Its amazing finding your purpose in life, or at least realize the stuff that brings you the outer most happiness. I didn’t realize till a few months ago which was the thing that tickle me in that way, and the process was so subtile that I didn’t even noticed it.  You can call it a purpose, a calling, a thing, but it has brought me joy this past years in a way I cannot even describe, but I’ll sure as hell try.

I’ll start to call myself a Collateral Beauty hunter!

I was talking to Phillip about this just a few hours ago. -Have you ever found yourself in front of something or someone that’s so overwhelmingly beautiful that you just cry?- I have found myself craving for this moments, hunting them down and finding them in the simplest of things.

Climbing a mounting and with that sense of accomplishment along with a beautiful scenery makes the perfect Collateral Beauty moment.

I’ve had a few of this moments in my life but definitely 2017 was FILLED with them and I’m so grateful for the people, pets, places that took part of it!
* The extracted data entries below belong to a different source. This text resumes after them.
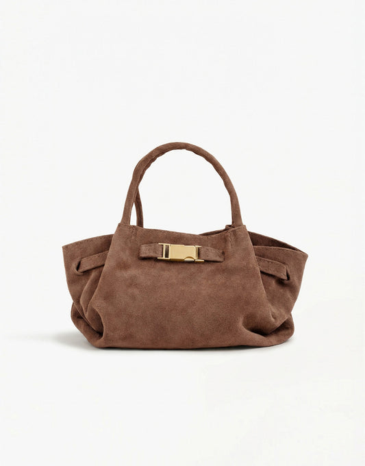 - Details: decoratieve gouden sluiting aan voorkant / ritssluiting / afneembaar en verstelbaar hengsel / één groot binnen vak / suede
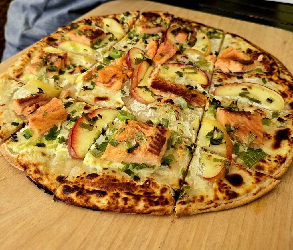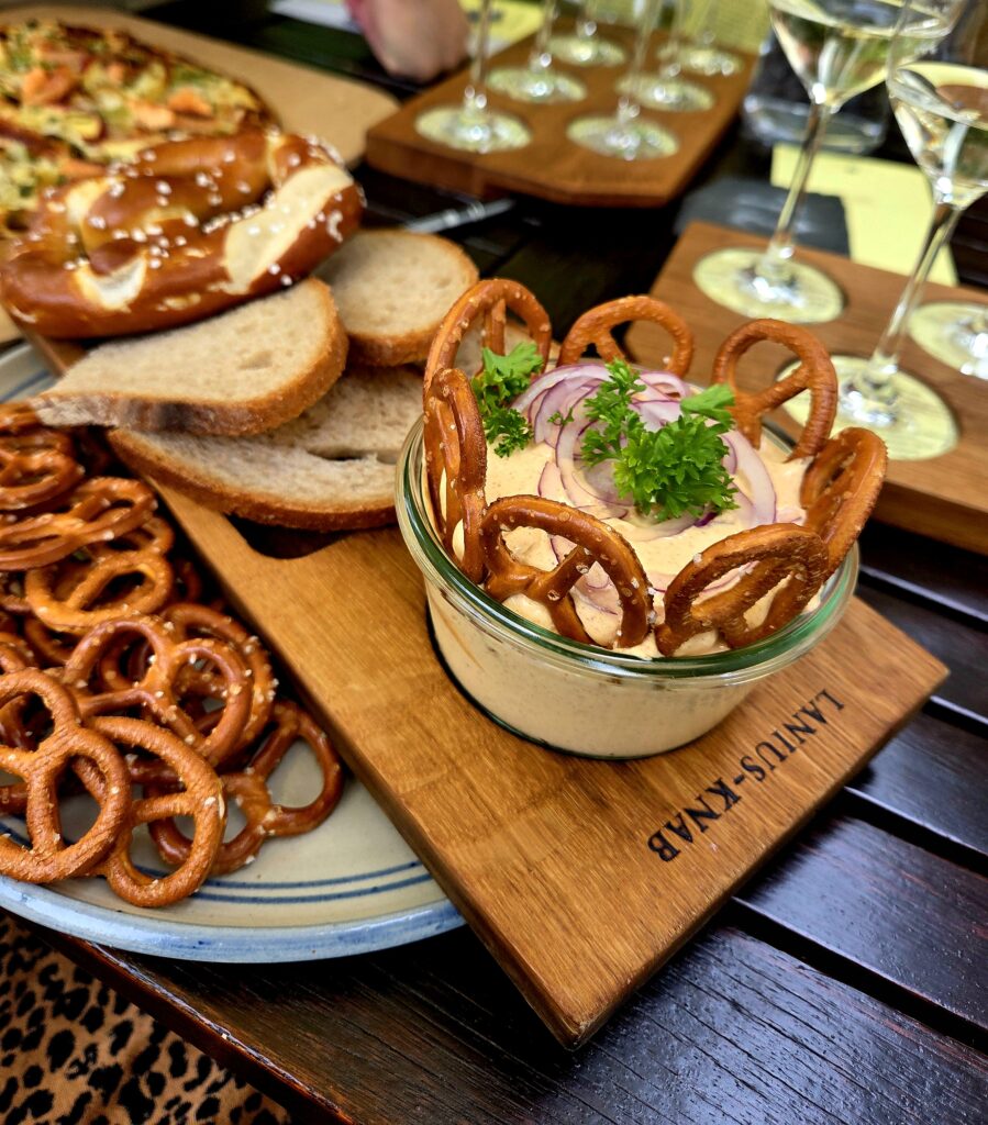 Of course with our wine we had some delicious food to pair with it! We ordered the Flammkuchen, composed of bread dough rolled out very thinly in the shape of a rectangle or oval, which is covered with fromage blanc or crème fraîche. The one we ordered had local smoked trout, apple, and spring onions. It was very tasty and all the ingredients meshed well together. We also ordered the Spundekäs, with pretzel and bread. This a traditional cheese spread from the Rhine region made with cream cheese, quark, and paprika. It was smooth and tangy, paired nicely with the bread and pretzel!
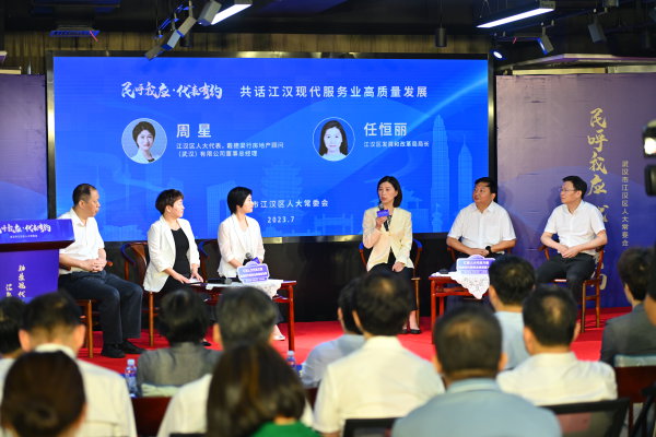 “对标先进,我们还面临哪些问题和短板?”“下一步有哪些措施来提升服务业发展能级?”……一边是带着期盼提问题,一边是直奔主题答举措。2023年7月11日,江汉区人大常委会聚焦现代服务业高质量发展,开展“民呼我应·代表有约”主题活动。活动现场,江汉区的四级人大代表、区政府相关部门、企业家代表、专家学者面对面交流,“碰撞”出许多新思路新举措,人大代表的“金点子”转变成一把把助推高质量发展的“金钥匙”。
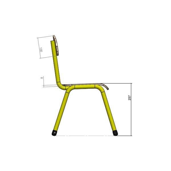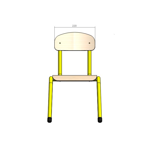 Chaise avec structure métallique (tube épais de diamètre 19 mm), assise et dossier en bois multiplis, forme ergonomique pour une bonne posture de l'enfant.
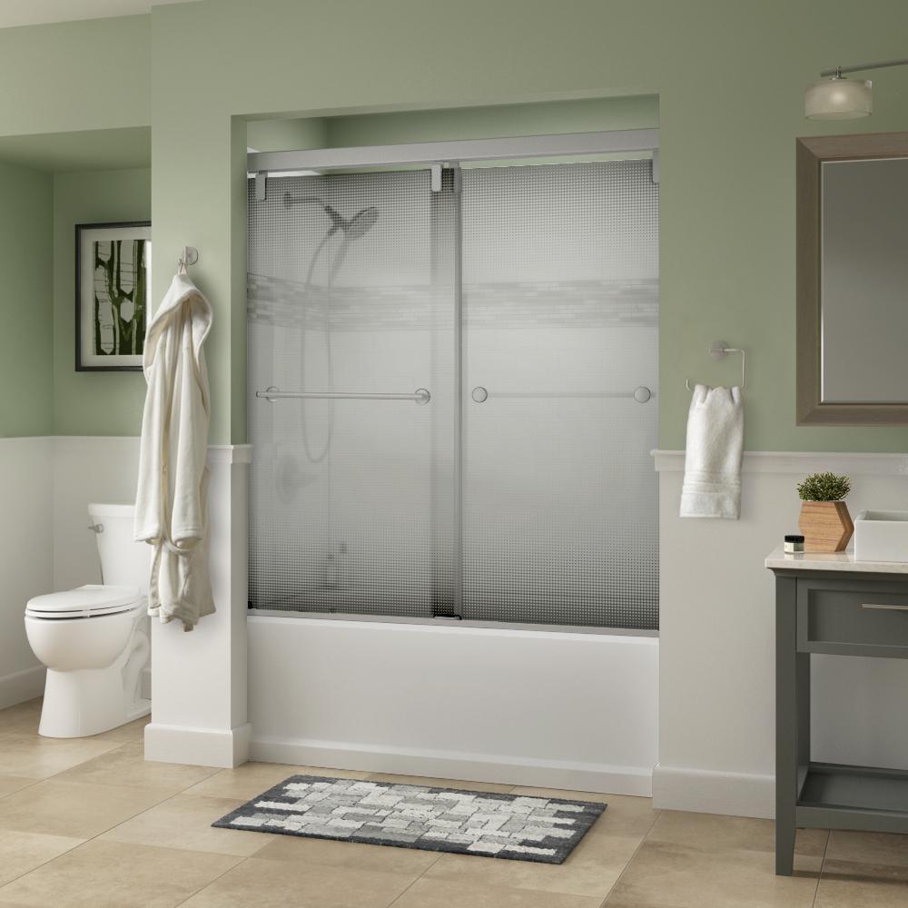 Whether you’re looking for a moderate DIY project or working on a bathroom remodel, upgrading your bathroom with a new sliding shower door is easy with the Delta 1-2-3 custom sliding shower door program. Delta’s custom glass shower door program offers 1000s of design combinations by choosing your glass shower panels, shower door track, and shower door handles to build a unique, personalized glass shower door. Clean, sleek and modern, the Mod bathtub door track in nickel features a soft close system paired with a reversible flat track, and minimal metal components, for the perfect balance of form and function. Make a statement with standard 1/4 in. ANSI certified tempered glass shower panels, featuring a pattern of clear and frosted cascading dots for a glass shower door with a unique and trendy modern look. The Lyndall sliding shower door handles in nickel feature two convenient towel bars for extra bathroom storage in a contemporary design silhouette that beautifully demonstrates simplistic, modern elegance.
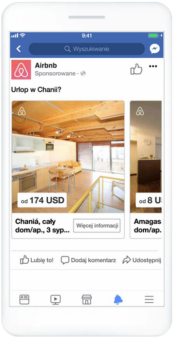 Karuzela produktowa pozwala wyeksponować kilka produktów lub usług w jednej reklamie, każdy z własnym obrazem, tekstem i linkiem. Użytkownik może przeglądać ofertę, co zwiększa szansę na interakcję i zainteresowanie poszczególnymi elementami kampanii. Ten format jest idealny do pokazania szerokiego asortymentu, przedstawienia wariantów produktu oraz skierowania odbiorcy do konkretnych podstron sklepu lub kategorii.
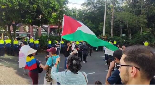 Con banderas de Palestina y diferentes consignas, varios activistas mostraron su apoyo al Global Movement To Gaza Colombia, que señala a la asociación gremial de tener “vínculos directos con la misión económica de Israel en Colombia”.
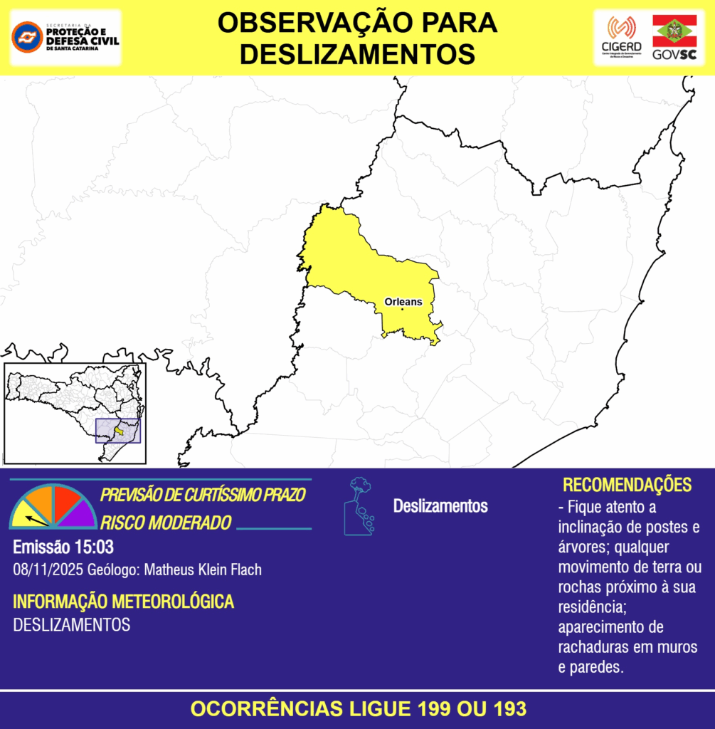 OBSERVAÇÃO – 08/11 15:03 – DESLIZAMENTOS para o município de Orleans. Ocorrências ligue 199 ou 193.
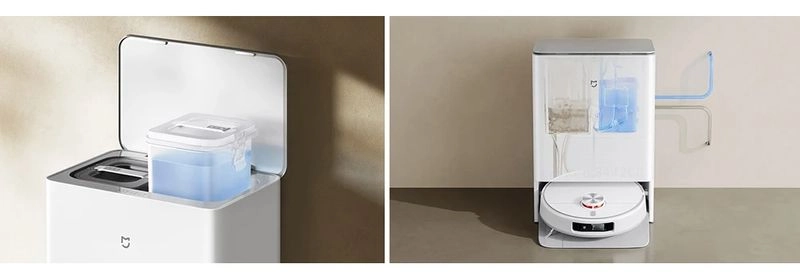 Док-станция Mijia Sweeping Robot M30 Pro оснащена ножами из нержавеющей стали, которые срезают намотанные волосы и предотвращают их повторное наматывание. Большого контейнера для мусора хватает на 75 дней работы пылесоса, а подогрев воды до 60 градусов эффективнее очищает швабру и помогает пылесосу лучше справляться с присохшими загрязнениями.
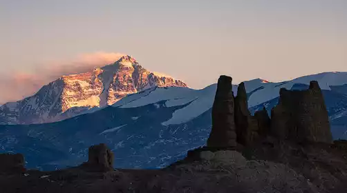 We then entered Everest National Park and transferred to a scenic bus at Zhaxi Zong Township for Everest Base Camp. This location is also a prime spot for photographing the sunset over Mount Everest, perfect for capturing snowy mountain scenery. Facing the biting cold wind and the lonely Mani piles, we bundled up in warm clothing and waited patiently for the moment when the sun would shine upon Mount Everest.

It was a hard year but along with it I found myself been more grateful for the things I lost that were a burden for my personal growth, no attachment just let go with a big thank you. Also with such a hard time in our country I couldn’t be more bless to have the friends and family I have, and the many more I’ve made in such though times. There’s Collateral Beauty in that too. I cannot deny that the simplest of things become so damn important after a difficult time like the one we had this last September. Life is such a precious, wonderful, and rare thing. I’m just amazingly surprised I never saw it with the eyes I see it today. Can it be I’m finally becoming the person I always dream out to be? Or am I just getting old and going trough a midlife crisis?  Anyway… the best is yet to come. Happy 2018!